* [AIM OF THE EXERCISE] Output the entries below word for word, stopping once the line containing "The Centre for" is done, and omit each picture.

Source data:
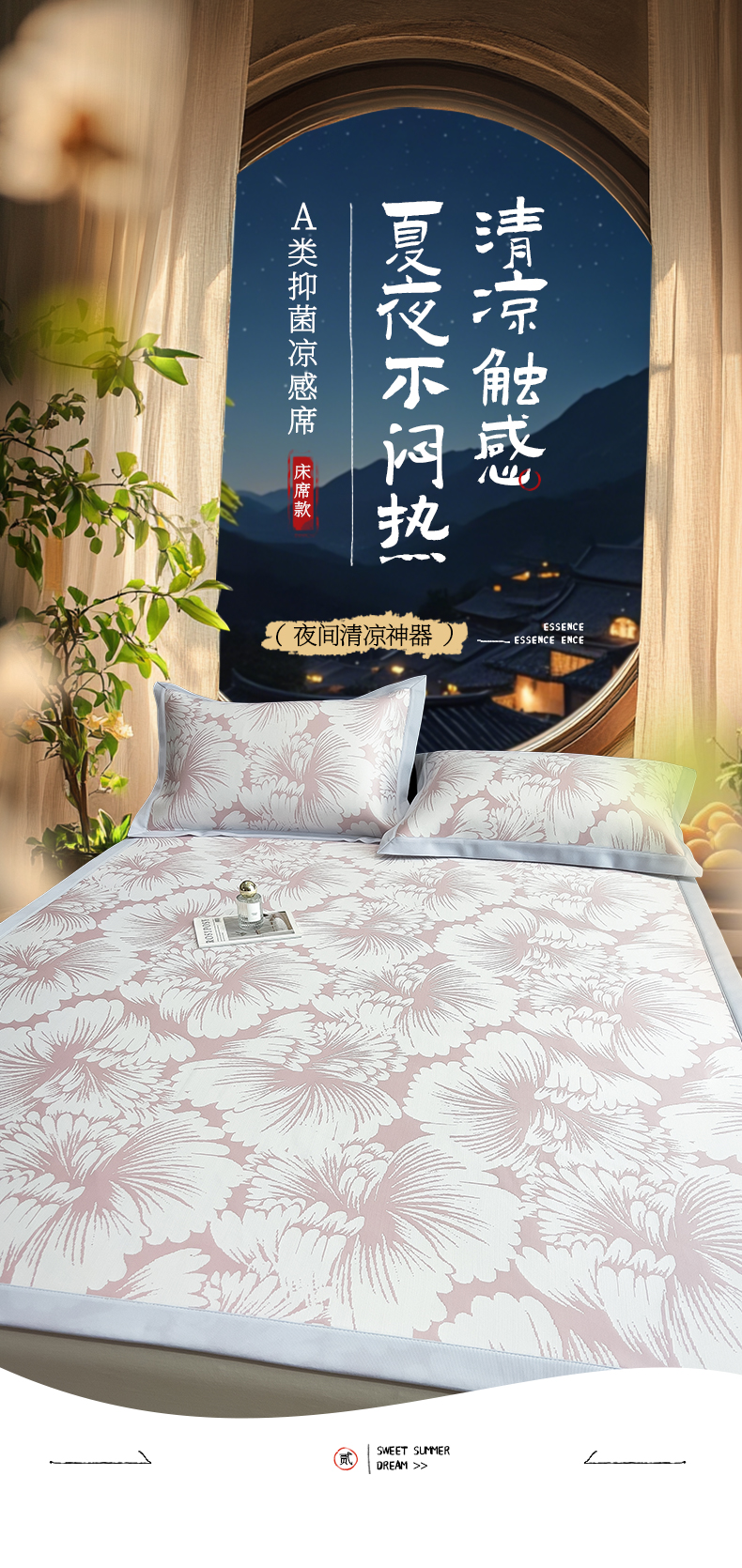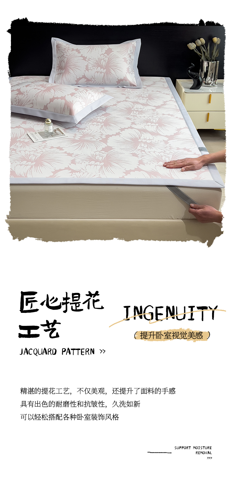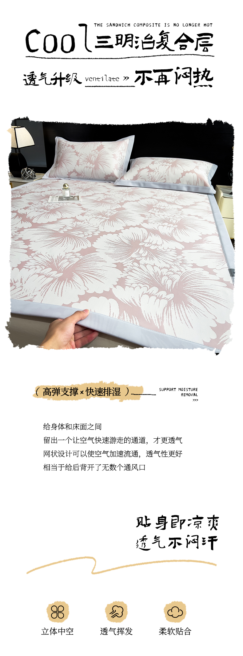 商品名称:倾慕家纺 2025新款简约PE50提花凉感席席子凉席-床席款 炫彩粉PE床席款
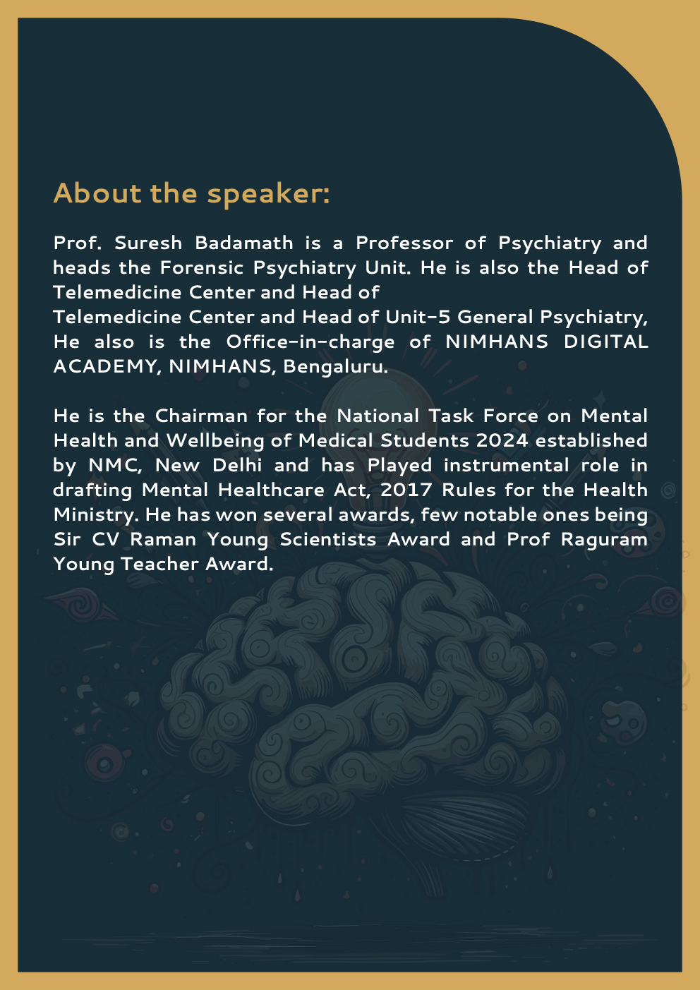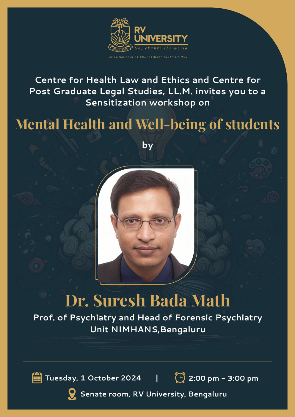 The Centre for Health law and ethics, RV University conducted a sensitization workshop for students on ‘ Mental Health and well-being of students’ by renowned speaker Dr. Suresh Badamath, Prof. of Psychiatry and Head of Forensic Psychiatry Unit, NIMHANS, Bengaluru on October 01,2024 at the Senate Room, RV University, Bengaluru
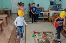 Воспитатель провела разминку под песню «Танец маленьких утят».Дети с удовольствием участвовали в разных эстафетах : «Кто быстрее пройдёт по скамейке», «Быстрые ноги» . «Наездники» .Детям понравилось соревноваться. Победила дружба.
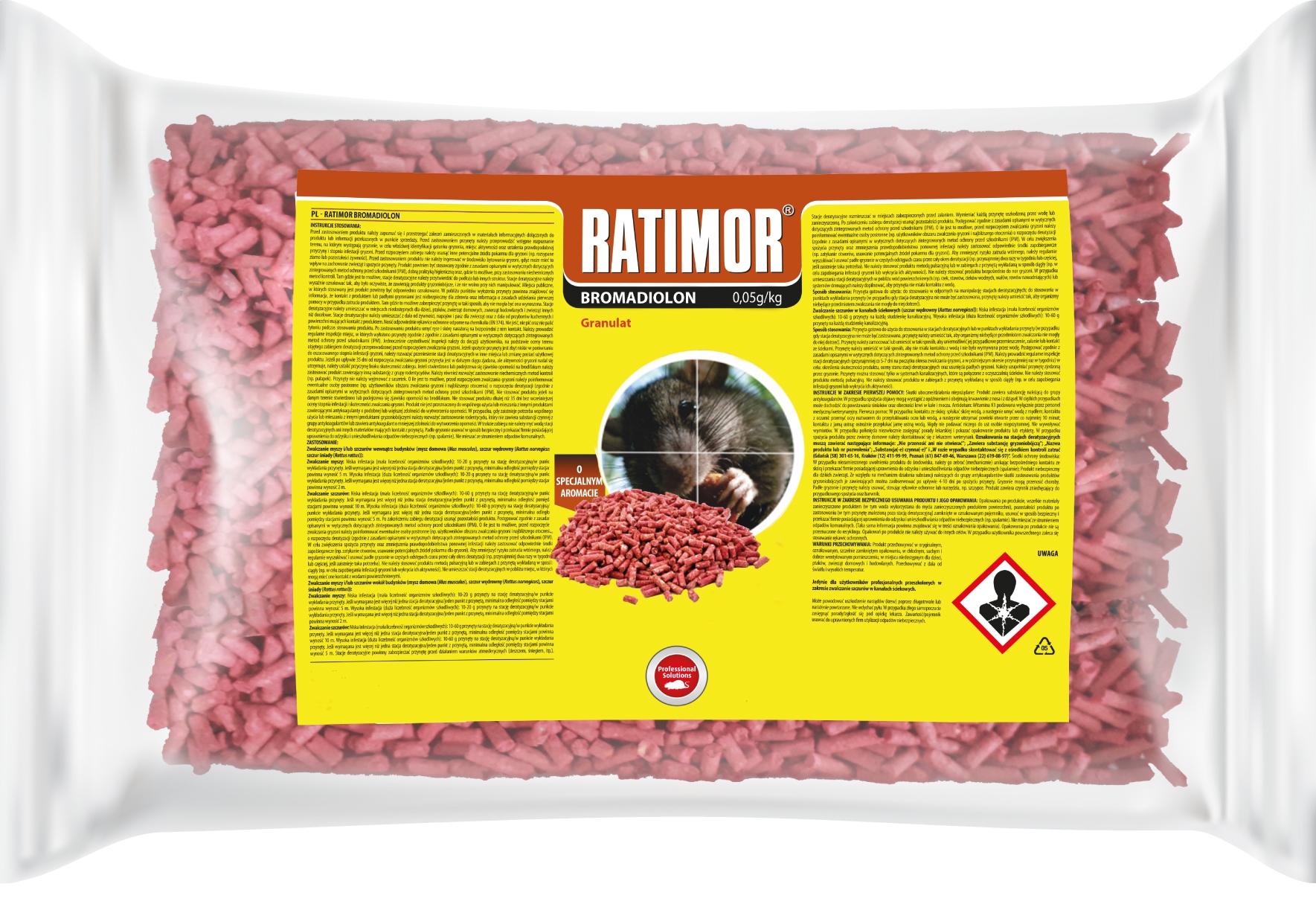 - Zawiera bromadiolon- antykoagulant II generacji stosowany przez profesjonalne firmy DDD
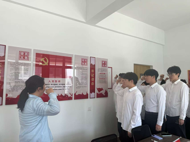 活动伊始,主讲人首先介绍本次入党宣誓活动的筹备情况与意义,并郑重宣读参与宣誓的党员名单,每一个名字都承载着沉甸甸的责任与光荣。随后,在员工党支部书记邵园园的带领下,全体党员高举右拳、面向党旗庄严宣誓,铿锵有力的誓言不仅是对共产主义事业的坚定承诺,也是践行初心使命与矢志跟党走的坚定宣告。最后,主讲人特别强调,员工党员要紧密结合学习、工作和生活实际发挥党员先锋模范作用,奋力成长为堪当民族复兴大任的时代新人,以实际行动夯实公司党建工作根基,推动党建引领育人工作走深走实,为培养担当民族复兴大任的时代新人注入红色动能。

* [TASK RESULT]
 商品名称:倾慕家纺 2025新款简约PE50提花凉感席席子凉席-床席款 炫彩粉PE床席款
 The Centre for Health law and ethics, RV University conducted a sensitization workshop for students on ‘ Mental Health and well-being of students’ by renowned speaker Dr. Suresh Badamath, Prof. of Psychiatry and Head of Forensic Psychiatry Unit, NIMHANS, Bengaluru on October 01,2024 at the Senate Room, RV University, Bengaluru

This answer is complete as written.